The profession of the Malis, bearing a heritage of over 1,200 years, is now in crisis
Mithai Malakar, 56. After marrying from Thecho, Lalitpur, and moving to Kathmandu’s urban area Basantapur near Kasthamandap, she has been engaged in selling flowers for 30 years.
Selling flowers is her family’s ancestral occupation. But that occupation is currently in crisis. A few months ago, Kathmandu Metropolitan City’s mobile police entered the Kasthamandap area.
At that time Mithai and her son were both busy selling flowers. But without prior notice, the police overturned the mother’s flower bundle. They beat her.
The flowers she had collected by going around various parts of Kathmandu all day were trampled underfoot. Her son, standing right beside his mother, could not do anything even if he wanted to.
A license to sell flowers was demanded from Mithai, who has been trading flowers in the Kasthamandap area for generations.
She was humiliated like a footpath vendor.Saddened by this incident, Mithai’s son vowed that same day — he would rather beg for food than carry a flower basket again.
Now Mithai is worried. Who will carry forward this profession that the family has preserved through generations after her?
After reading the above incident, it is natural for readers to feel curious. Some may even call it absurd — who sells flowers on the footpath?
And that too in the middle of the city. But this is the story of the Malis — those who have been selling flowers in Kathmandu’s urban area Basantapur since the Lichchhavi period.
In the Kumari Jatra also, the festival begins only after the Mali community offers flowers.

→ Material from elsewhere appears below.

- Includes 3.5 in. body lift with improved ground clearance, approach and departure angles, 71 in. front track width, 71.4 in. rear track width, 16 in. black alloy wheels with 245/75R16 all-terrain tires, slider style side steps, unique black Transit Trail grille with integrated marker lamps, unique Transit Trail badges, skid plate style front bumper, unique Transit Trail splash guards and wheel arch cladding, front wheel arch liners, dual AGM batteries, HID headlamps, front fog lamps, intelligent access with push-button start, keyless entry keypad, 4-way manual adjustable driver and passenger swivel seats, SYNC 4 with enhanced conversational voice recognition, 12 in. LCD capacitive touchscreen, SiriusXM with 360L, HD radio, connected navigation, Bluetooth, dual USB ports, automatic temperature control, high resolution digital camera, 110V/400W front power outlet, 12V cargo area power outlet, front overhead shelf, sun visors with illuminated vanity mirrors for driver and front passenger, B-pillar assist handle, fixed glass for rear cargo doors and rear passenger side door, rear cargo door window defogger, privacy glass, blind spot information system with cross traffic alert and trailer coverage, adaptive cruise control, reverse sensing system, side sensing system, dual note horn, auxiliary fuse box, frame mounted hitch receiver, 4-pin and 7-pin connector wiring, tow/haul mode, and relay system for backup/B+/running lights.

Before placing the Kumari on the chariot, camara flower (pankha swa), sachika swa, and dhupi flower (sijapa swa) must be obligatorily offered.

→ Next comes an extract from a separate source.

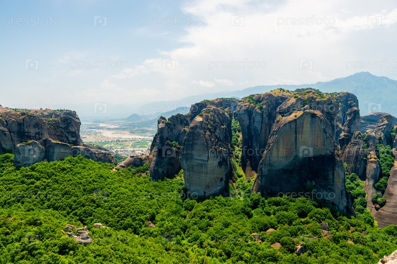 Огромные серые метеоры утесов в Греции среди зеленого горного леса

Today’s Gen Z may find it surprising: leaving aside Rana–Shah times, haven’t Nepalis who change occupations day by day continued the same profession since before the Malla and Lichchhavi periods?
They are now being forced and struggling to preserve it. According to the old creed system, those who do flower work are called Malis.
No worship can be complete without flowers and plants. From this perspective, the presence of Malis is considered essential in all festivals associated with the Newar community.
If Malakars are absent from Indra Jatra, Machhindranath Jatra, Kumari Jatra — in fact any festival the Newars celebrate in Kathmandu — that worship itself becomes incomplete.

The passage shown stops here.